May 1998

Hello again.

Back once more, I would like to say firstly thank-you to everyone who sent me mail. It has been good to read and reply to all of those messages, and a few points were brought up that I'd like to talk about. I'd also like to apologize to all those who I didn't reply to -- I deleted a batch of messages that hadn't been read by accident, and couldn't find any way to get them back. To all those people, I'd also like to say thanks.
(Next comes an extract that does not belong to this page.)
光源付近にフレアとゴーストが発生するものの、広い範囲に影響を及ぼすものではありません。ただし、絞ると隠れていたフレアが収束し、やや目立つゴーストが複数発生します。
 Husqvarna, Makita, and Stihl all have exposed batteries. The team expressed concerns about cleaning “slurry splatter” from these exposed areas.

This month, I would like to talk about what quite a few people said in their messages, along the lines of 'you were awfully young to do something like that'. I really don't want to sound rude, but I don't see a difference in wanting to die because you feel there is nothing to live for at 14 or at 40. True, many would say that at 40, you may have exhausted all possibilities for happiness, but at 14, no-one would think about that because it seems like a stupid thing. I felt like there was nothing left, so I was ready to kill myself. No, that's a lie. I didn't in my heart really want to die. I wanted to find something to live for. I wanted to die old and happy. I still do, but, when you think things are at rock-bottom, you don't stop to think about the future. You opt for the quickest, most painless and thorough method. Death.
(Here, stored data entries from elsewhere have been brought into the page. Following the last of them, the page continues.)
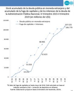 Un dato puntual que precisa CIFRA es que el volumen de la imponente deuda en moneda extranjera generada durante el gobierno de Cambiemos “es prácticamente igual a los dólares que se fueron por la fuga de capitales y los intereses de la deuda en su gestión: la deuda pública en moneda extranjera creció en U$D 107.525 millones entre diciembre de 2015 y junio de 2019 en tanto que la fuga de capitales y los intereses lo hicieron en U$D 106.779 millones en el mismo período”, es decir el 99,3% del endeudamiento contraído en el mismo lapso.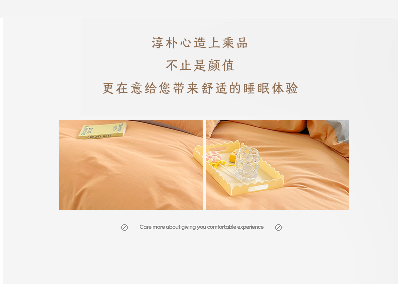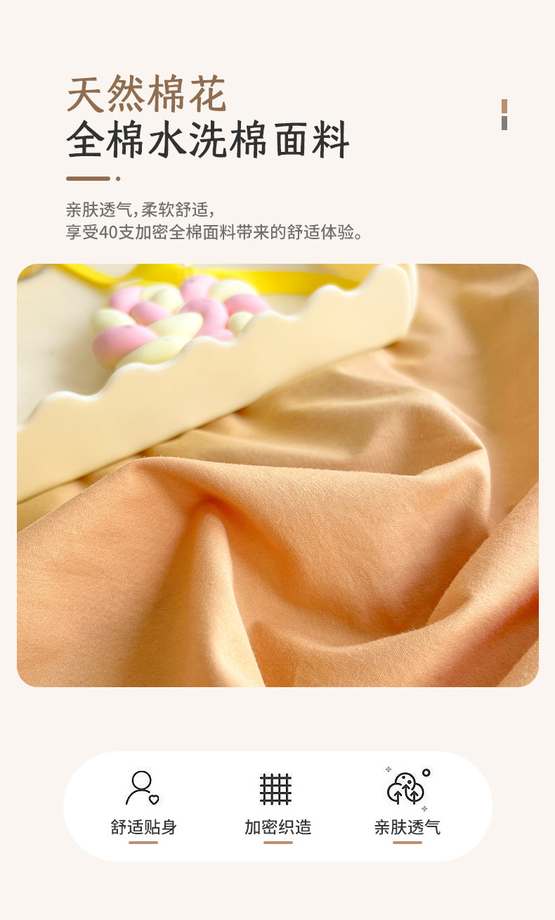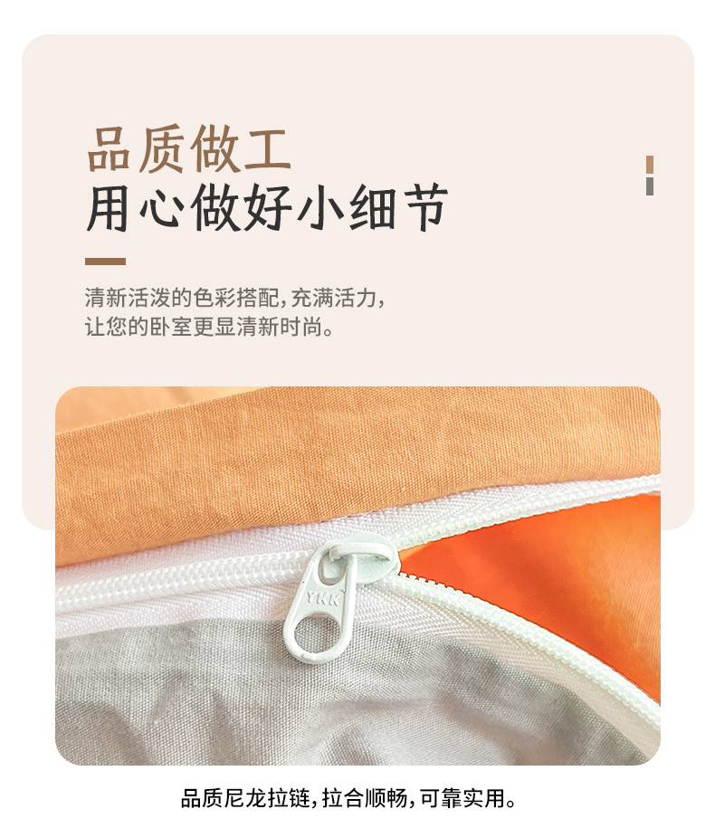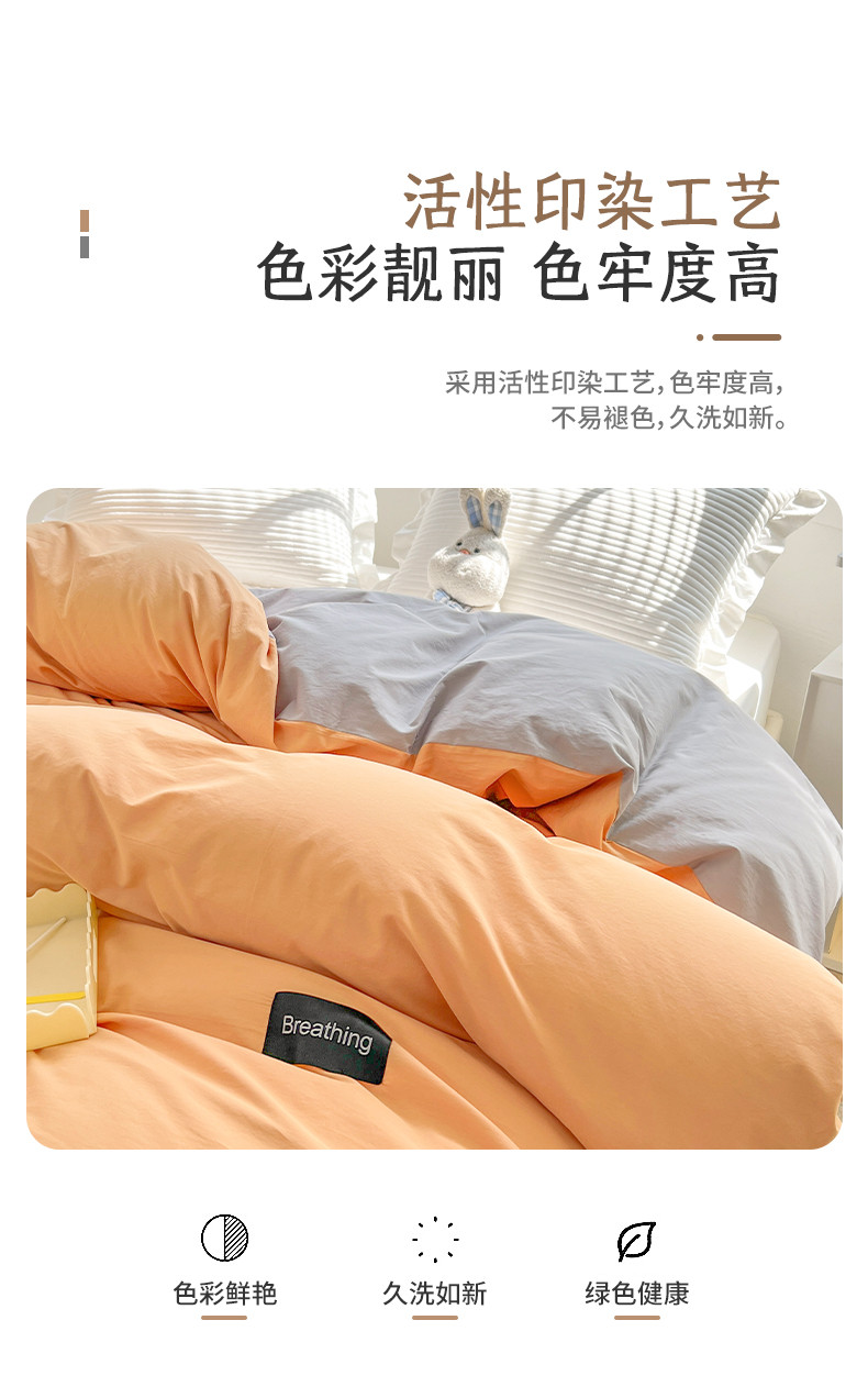 商品名称:绵庭家纺 2023新款全棉水洗棉拼色单被套 桔色+绅士灰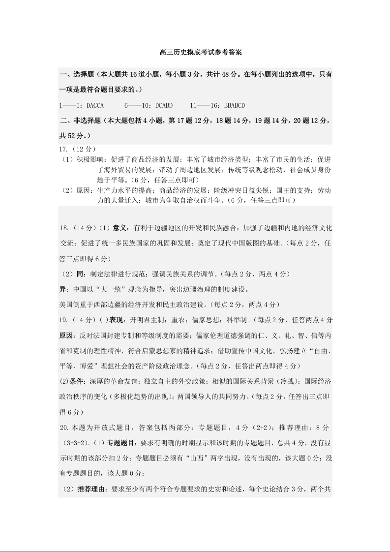 山西省运城市2024-2025学年高三摸底调研测试历史答案

Leading on from that subject of 'awfully young', what would happen if I went downstairs as soon as I finish writing this column, and said 'Mum, I'm gay', or 'Dad, I'm gay'. I'm trying to escape from the obvious- i.e. 'you freak' or they say 'at 16, you leave this house' or maybe our conversations never get past the necessary 'pass the salt, bring the washing down'. I'm going to work on that extremely unlikely idea that they would accept it (by accepting, I mean I can leave the room unaided and not crying). They would probably say 'you are awfully young, give it a few years', or 'you're too young to know for sure'. So patronizing, isn't it. They think that in a few years I'm suddenly going to be attracted to women. They have a vain hope that I will turn out to be 'normal' in their eyes. If I was straight, would there be any real problems about me knowing I was straight from my age? No. I'd guess that all parents would have that thought, 'maybe he/she's straight. Maybe he/she'll find a nice wife/husband and get married', even if they seem to be supportive. I know, that is taking the obvious and treating it like a revelation, but, it's a valid point. I just think it'd be nice if we could be accepted and not changed. That's what I'm going to ask Santa for this Christmas.

Oh, I forgot. I stopped believing in Santa when I was seven. Says a lot, doesn't it?